→ **PROVIDED RECORDS**:
────────

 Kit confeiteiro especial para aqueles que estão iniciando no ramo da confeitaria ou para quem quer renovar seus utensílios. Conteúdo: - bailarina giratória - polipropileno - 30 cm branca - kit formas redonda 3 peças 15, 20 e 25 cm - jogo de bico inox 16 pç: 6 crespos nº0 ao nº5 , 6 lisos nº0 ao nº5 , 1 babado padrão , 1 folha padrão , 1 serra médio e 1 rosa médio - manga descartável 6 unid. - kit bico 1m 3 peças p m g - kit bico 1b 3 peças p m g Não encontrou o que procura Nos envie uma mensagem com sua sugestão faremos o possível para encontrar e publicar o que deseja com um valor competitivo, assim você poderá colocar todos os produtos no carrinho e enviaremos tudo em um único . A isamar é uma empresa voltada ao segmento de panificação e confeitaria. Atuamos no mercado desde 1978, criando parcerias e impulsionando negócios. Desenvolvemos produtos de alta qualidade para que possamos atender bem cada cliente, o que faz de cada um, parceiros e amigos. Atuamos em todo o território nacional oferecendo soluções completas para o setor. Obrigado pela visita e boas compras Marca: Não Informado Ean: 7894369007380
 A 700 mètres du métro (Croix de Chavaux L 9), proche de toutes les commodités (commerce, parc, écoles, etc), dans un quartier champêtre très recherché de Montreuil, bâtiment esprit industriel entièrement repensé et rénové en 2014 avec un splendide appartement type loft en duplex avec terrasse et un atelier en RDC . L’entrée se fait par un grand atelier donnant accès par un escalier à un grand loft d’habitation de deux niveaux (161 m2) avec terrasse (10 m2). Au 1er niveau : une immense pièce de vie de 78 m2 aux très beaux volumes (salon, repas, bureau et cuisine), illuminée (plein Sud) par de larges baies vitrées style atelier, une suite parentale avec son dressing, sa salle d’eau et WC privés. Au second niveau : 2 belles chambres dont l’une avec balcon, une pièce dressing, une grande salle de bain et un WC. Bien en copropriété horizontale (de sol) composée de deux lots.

────────

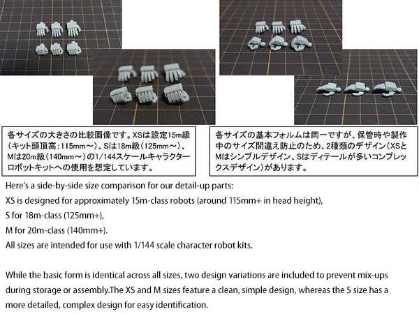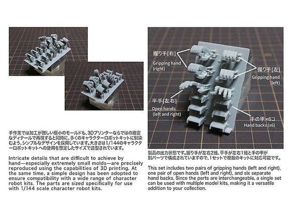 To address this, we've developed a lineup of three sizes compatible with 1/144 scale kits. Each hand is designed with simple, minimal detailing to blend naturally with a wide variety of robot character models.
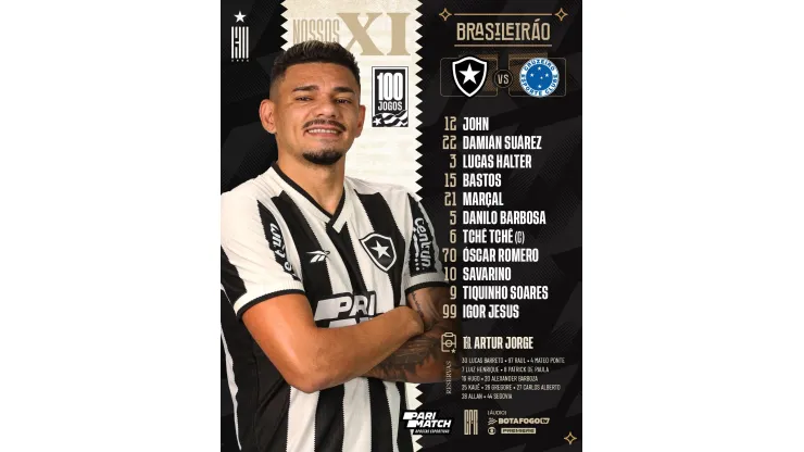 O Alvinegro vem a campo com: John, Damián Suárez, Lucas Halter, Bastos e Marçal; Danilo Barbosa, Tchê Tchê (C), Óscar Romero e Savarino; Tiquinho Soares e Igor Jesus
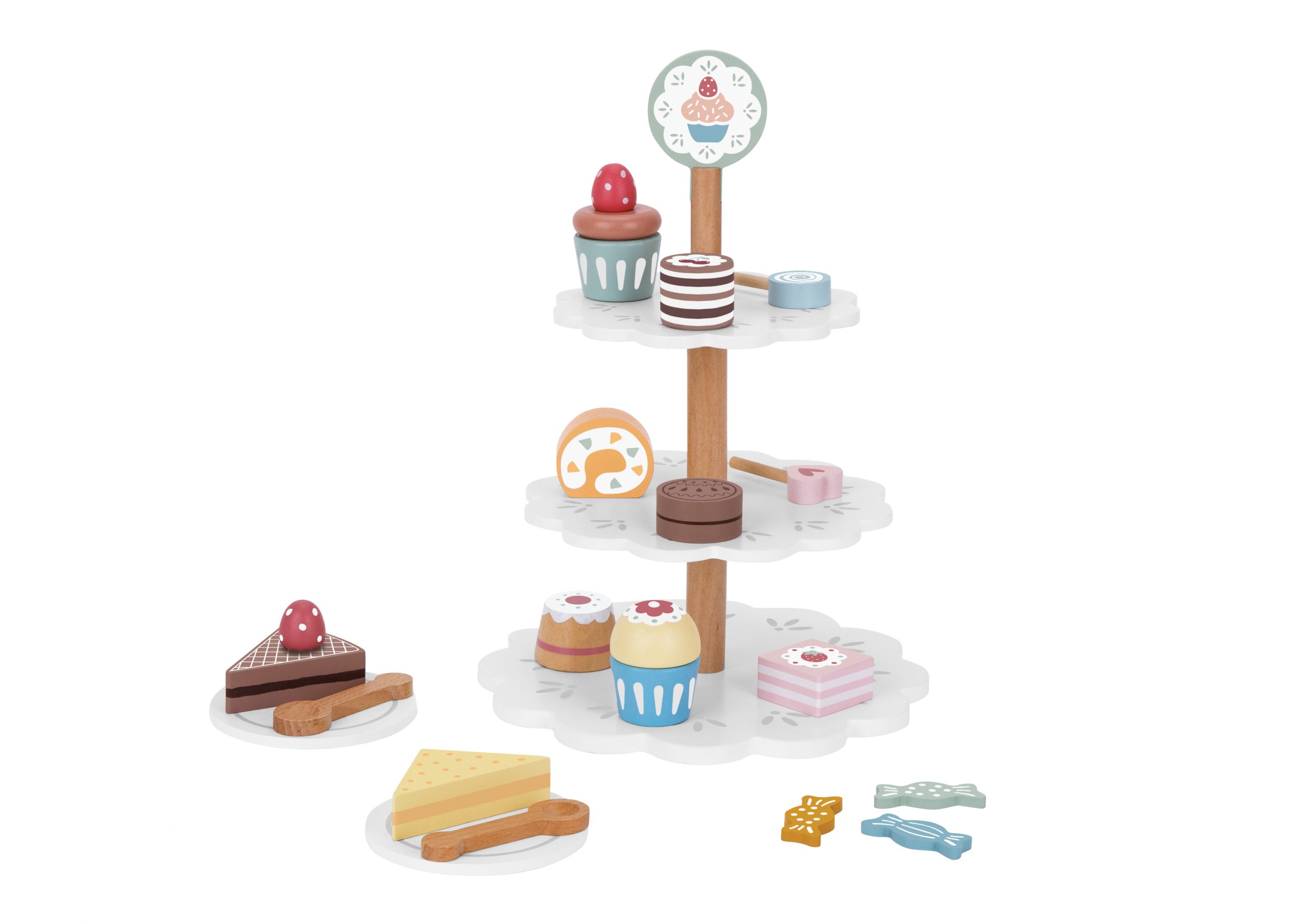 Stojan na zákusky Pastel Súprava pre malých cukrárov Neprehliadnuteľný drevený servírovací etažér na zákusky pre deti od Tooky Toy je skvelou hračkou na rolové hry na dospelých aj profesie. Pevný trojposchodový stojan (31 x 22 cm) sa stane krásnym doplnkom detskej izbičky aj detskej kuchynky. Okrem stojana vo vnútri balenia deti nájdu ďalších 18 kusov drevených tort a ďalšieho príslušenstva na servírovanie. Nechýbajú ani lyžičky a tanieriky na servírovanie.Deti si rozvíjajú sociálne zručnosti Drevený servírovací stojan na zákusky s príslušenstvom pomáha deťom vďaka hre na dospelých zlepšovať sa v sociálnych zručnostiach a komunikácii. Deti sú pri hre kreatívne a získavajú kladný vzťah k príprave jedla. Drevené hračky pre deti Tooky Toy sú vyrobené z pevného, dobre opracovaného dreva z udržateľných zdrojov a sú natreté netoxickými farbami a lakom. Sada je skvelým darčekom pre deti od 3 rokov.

────────

→ **TASK TO COMPLETE**: In the records above, everything from the line with "O Alvinegro vem" down to the line with "Stojan na zákusky Pastel" is to be set down exactly, both ends included, with no pictures and no other lines.

→ **EXERCISE OUTPUT**:
 O Alvinegro vem a campo com: John, Damián Suárez, Lucas Halter, Bastos e Marçal; Danilo Barbosa, Tchê Tchê (C), Óscar Romero e Savarino; Tiquinho Soares e Igor Jesus
 Stojan na zákusky Pastel Súprava pre malých cukrárov Neprehliadnuteľný drevený servírovací etažér na zákusky pre deti od Tooky Toy je skvelou hračkou na rolové hry na dospelých aj profesie. Pevný trojposchodový stojan (31 x 22 cm) sa stane krásnym doplnkom detskej izbičky aj detskej kuchynky. Okrem stojana vo vnútri balenia deti nájdu ďalších 18 kusov drevených tort a ďalšieho príslušenstva na servírovanie. Nechýbajú ani lyžičky a tanieriky na servírovanie.Deti si rozvíjajú sociálne zručnosti Drevený servírovací stojan na zákusky s príslušenstvom pomáha deťom vďaka hre na dospelých zlepšovať sa v sociálnych zručnostiach a komunikácii. Deti sú pri hre kreatívne a získavajú kladný vzťah k príprave jedla. Drevené hračky pre deti Tooky Toy sú vyrobené z pevného, dobre opracovaného dreva z udržateľných zdrojov a sú natreté netoxickými farbami a lakom. Sada je skvelým darčekom pre deti od 3 rokov.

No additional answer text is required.